Book Review
Beyond the Door of No Return (2023)
by David Diop
I really enjoyed French novelist David Diop's first book, At Night All Blood is Black. It won the Students Prix Goncourt in France, the 2020 LA Times Fiction Book Prize and the 2021 International Booker Prize. Also, I genuinely enjoyed it- a novel about the experience of an African volunteer in the French army during World War I. His new book, about the experience of a French naturalist in early 19th century Senegal- then a quasi-French territory but a weak one with many local rulers- was nominated for the National Book Award for Translated Literature (they need to work shop the name of that award!) and I'm sure it will be nominated for the International Booker next year.

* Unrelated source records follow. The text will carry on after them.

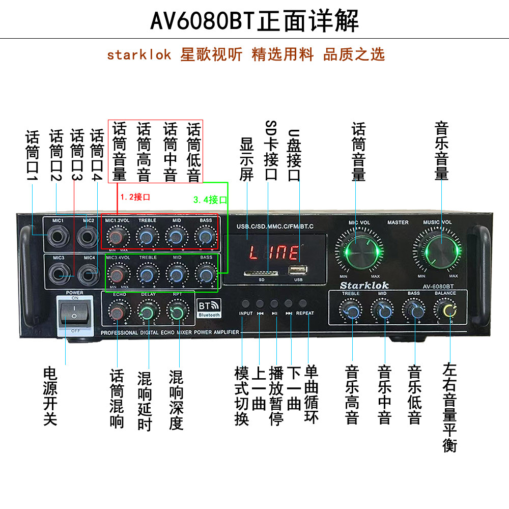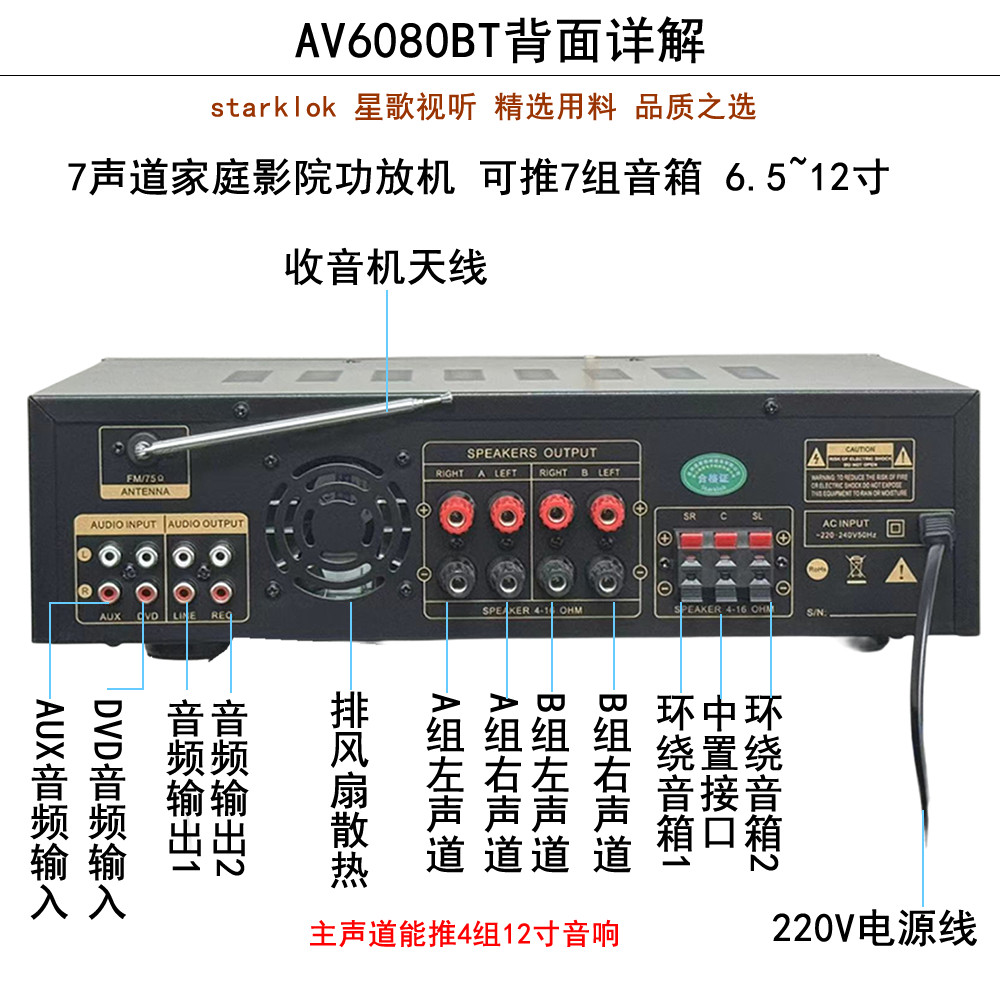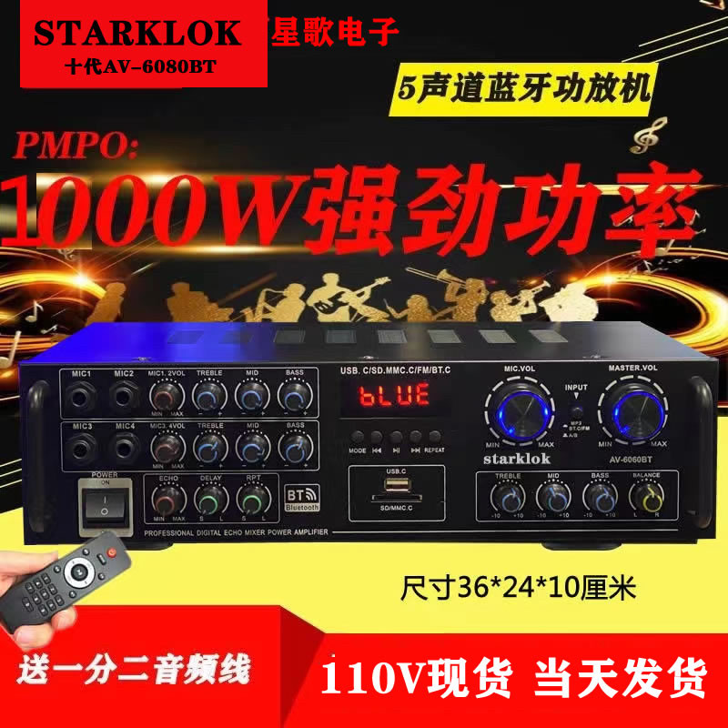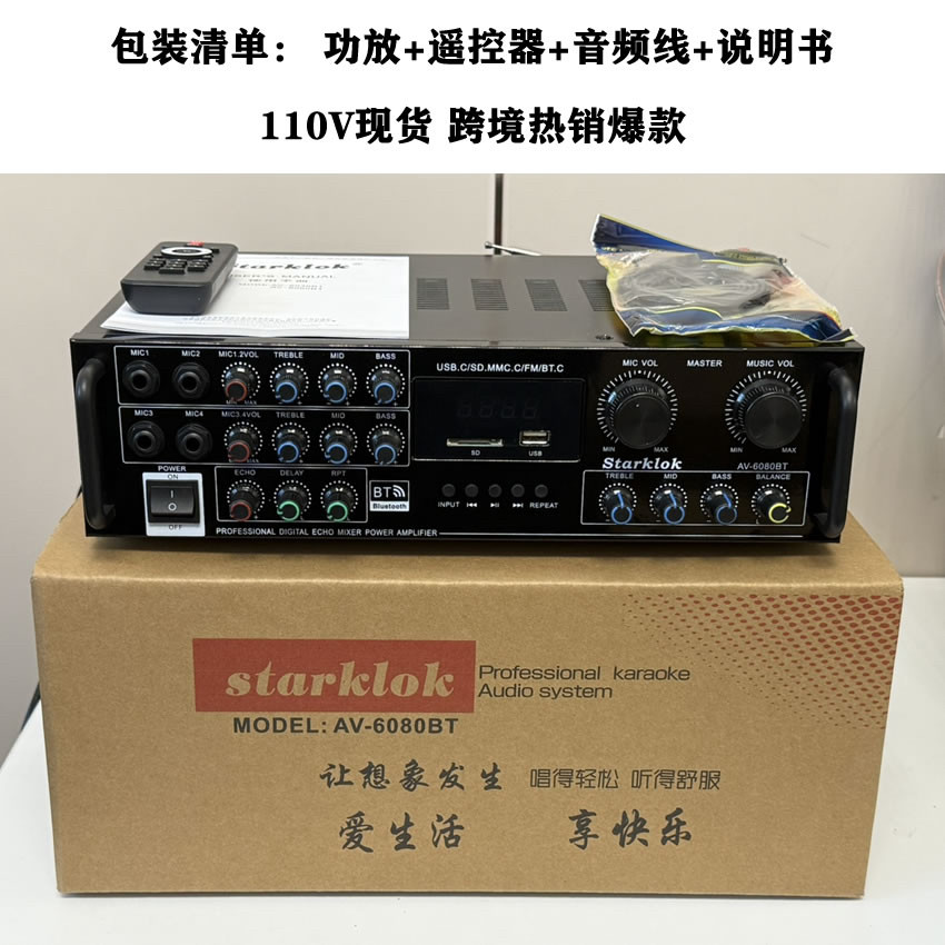110V跨境热销AV6060B五声道5家用蓝牙功放机600W大功率铝合金功放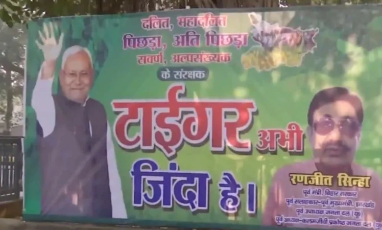 बिहार के पूर्व मंत्री रंजीत सिन्हा द्वारा पटना स्थित जनता दल (यूनाइटेड) कार्यालय के बाहर लगाए गए एक पोस्टर में मुख्यमंत्री नीतीश कुमार को ‘टाइगर ज़िंदा है’ की उपाधि दी गई है और उन्हें समाज के हाशिये पर पड़े लोगों सहित सभी समुदायों का “रक्षक” बताया गया है। यह पोस्टर पार्टी कार्यकर्ताओं की नीतीश कुमार को चौथी बार बिहार का मुख्यमंत्री बनते देखने की इच्छा को दर्शाता है। 2025 के बिहार विधानसभा चुनावों में विपक्षी महागठबंधन ने निश्चित रूप से मुख्यमंत्री पद के उम्मीदवार की घोषणा में देरी को लेकर कड़ी और लगातार आलोचना की है।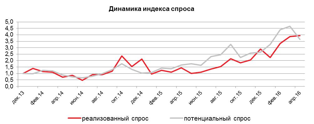 Согласно статистике, предоставленной экспертами Est-a-Tet, в апреле зафиксировано увеличение реализованного спроса на рынке «первички» на 1.8% уменьшение потенциального спроса до 22%. Эксперты признают, что на колебания спроса влияет как нестабильность валютного курса, там и акции, дисконты, предлагаемые девелоперами для продвижения проектов.

Diop's 19th century Franco-phone Africa is a nuanced portrayal- we are a century past Conrad and his Heart of Darkness, and Diop's Senegal reflects the more nuanced view of the colonial experience that has percolated through academia in recent decades. This early in the 19th century, the slave trade was still going full tilt- the first French ban on slavery (within France) didn't come till 1818, and slavery was abolished in French territories in 1845.
I sensed that the narrator- the French naturalist, isn't really the focus of the book, which consists of a kind of post-mortem revelation of his past to his daughter, years after the experiences described; rather it is Senegal and the rich historical tapestry of the early 19th century at the center of Beyond the Door of No Return. Presumably, the title of the book refers to the actual Door of No Return in Benin, which is a monument to the experience of the enslaved as they leave Africa for the last time.
I tore through the book- I just so enjoyed turning each page (figuratively speaking because I read the eBook copy from the Los Angeles Public Library), that I didn't want it to end. I wish it was 500 pages long!